Depuis son émergence en 2023, AMOS (Atomic macOS Stealer) est devenu le malware le plus redouté ciblant l’écosystème Apple. Conçu pour extraire discrètement des informations sensibles des systèmes macOS, il est désormais un nom bien connu parmi les chercheurs en sécurité et les journalistes.
Cependant, Moonlock, la division cybersécurité de MacPaw, signale qu’un nouvel acteur menace de prendre le relais avec un infostealer en plein essor sur les forums darknet. Dans cette édition de Security Bite, nous examinons cette nouvelle menace intéressante et son impact sur le paysage macOS.
Présumé d’origine russe, le développeur de ce maliciel, connu sous le pseudonyme de « mentalpositive », a lancé un infostealer baptisé Mac.c. Bien qu’il soit actif depuis seulement quatre mois, Mac.c rivalise déjà avec des opérations plus établies comme AMOS, selon un article de blog de Moonlock pour HackerNoon.
La méthode de travail de mentalpositive, à la fois méthodique et étonnamment transparente, a suscité de l’intérêt. Le développeur a partagé des mises à jour sur ses progrès et sollicité des retours d’expérience sur les versions précédentes de Mac.c, une démarche rarement observée dans le développement de malwares. Nous pouvons rayer le « malware crowdsourcé » de notre liste de bingo pour 2025.
Sur le plan technique, Mac.c partage des similitudes de code avec AMOS et Rodrigo4, mais a été optimisé pour une exfiltration rapide et à fort impact des données. En allégeant le binaire, le malware se télécharge plus vite et laisse moins d’artefacts statiques, rendant sa détection plus difficile. De plus, un nombre croissant d’URL a été ajouté à chaque mise à jour, suggérant que son infrastructure de commande et de contrôle fait probablement partie d’une opération plus vaste.

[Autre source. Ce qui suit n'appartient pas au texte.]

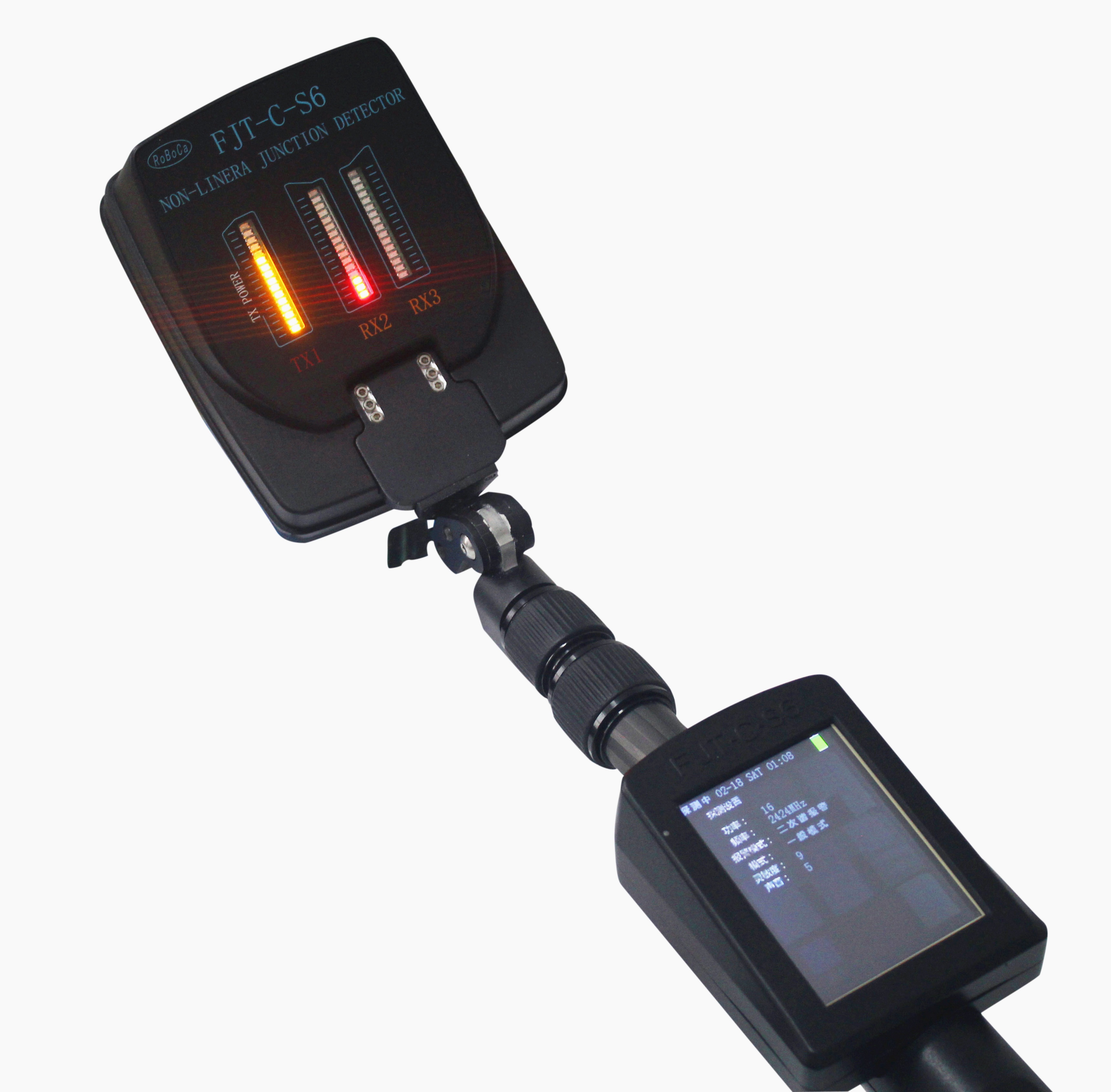 FJT-C-S6非線性節(jié)點探測儀是一款重要的可快速可靠探測半導體和金屬物體裝置的設備,專用于特種部門的工作人員檢查房間屋室內(nèi)等空間,用來排查可疑目標及未知的封裝包裹或物體內(nèi)的半導體和金屬物體裝置(炸彈起爆器或者竊聽器等)。

La visibilité accrue de ce malware pourrait indiquer une volonté de se démarquer et de créer une présence distincte sur le marché. Moonlock met aussi en lumière l’éventuelle préparation d’un modèle commercial de stealer-as-a-service, ciblant spécifiquement le créneau des menaces sur macOS.
Qui plus est, mentalpositive propose même une interface web pour ses clients achetant l’infostealer Mac.c. À travers ce panel, les acheteurs peuvent générer des builds personnalisés pour contourner XProtect, surveiller des statistiques d’infection et gérer les détails de leurs campagnes. Une révélation qui en dit long sur la nature de ces individus.
Tout récemment, Moonlock a noté que les dernières mises à jour de mentalpositive incluent des capacités de contournement de XProtect, une liste élargie de navigateurs supportés, l’activation de modules de capture de fichiers via le panneau de contrôle, et, ce qui est particulièrement inquiétant, un module séparé pour le phishing des phrases de sécurité Trezor.
Bien que le marché des malwares sur macOS reste inférieur à son homologue Windows, il gagne en popularité parmi les cybercriminels, principalement en raison du nombre croissant d’utilisateurs intéressés par la plateforme. Les livraisons de Mac ont dépassé celles de tous les fabricants de PC aux États-Unis au dernier trimestre de l’année dernière, enregistrant une croissance de 25,9 % d’une année sur l’autre. Selon le cabinet de recherche Canalys, la part d’Apple dans le marché global des ordinateurs (hors tablettes) est désormais d’environ 17,1 %.
Cela représente une opportunité en or. Le marché des menaces macOS devient de plus en plus attractif pour les développeurs de malwares ambitieux, qui cherchent à tirer parti des nouveaux utilisateurs de la plateforme. Les utilisateurs de Mac, tant en entreprise que personnellement, sont de plus en plus victimes de ces menaces, malgré les efforts d’Apple pour complexifier le contournement de Gatekeeper et renforcer XProtect.
Les infostealers, en particulier, continuent de connaître une popularité croissante. Selon Jamf, ils ont désormais dépassé les adwares en tant que forme dominante de malware, représentant 28,36 % de tous les malwares sur Mac détectés.
Cette montée en puissance s’explique par leur accessibilité et la faible barrière d’entrée pour les cybercriminels. Des entités comme mentalpositive sont en train de développer des modèles de Malware-as-a-Service (MaaS), permettant à des affiliés moins habiles techniquement de louer des outils comme des infostealers.
Pour se prémunir contre ces menaces, il est crucial de suivre quelques règles de sécurité fondamentales : faire preuve de prudence avant d’installer des applications en dehors de l’App Store officiel, vérifier les liens avant de les ouvrir, utiliser des mots de passe complexes et une authentification à deux facteurs, accorder des permissions avec parcimonie, et maintenir son système à jour.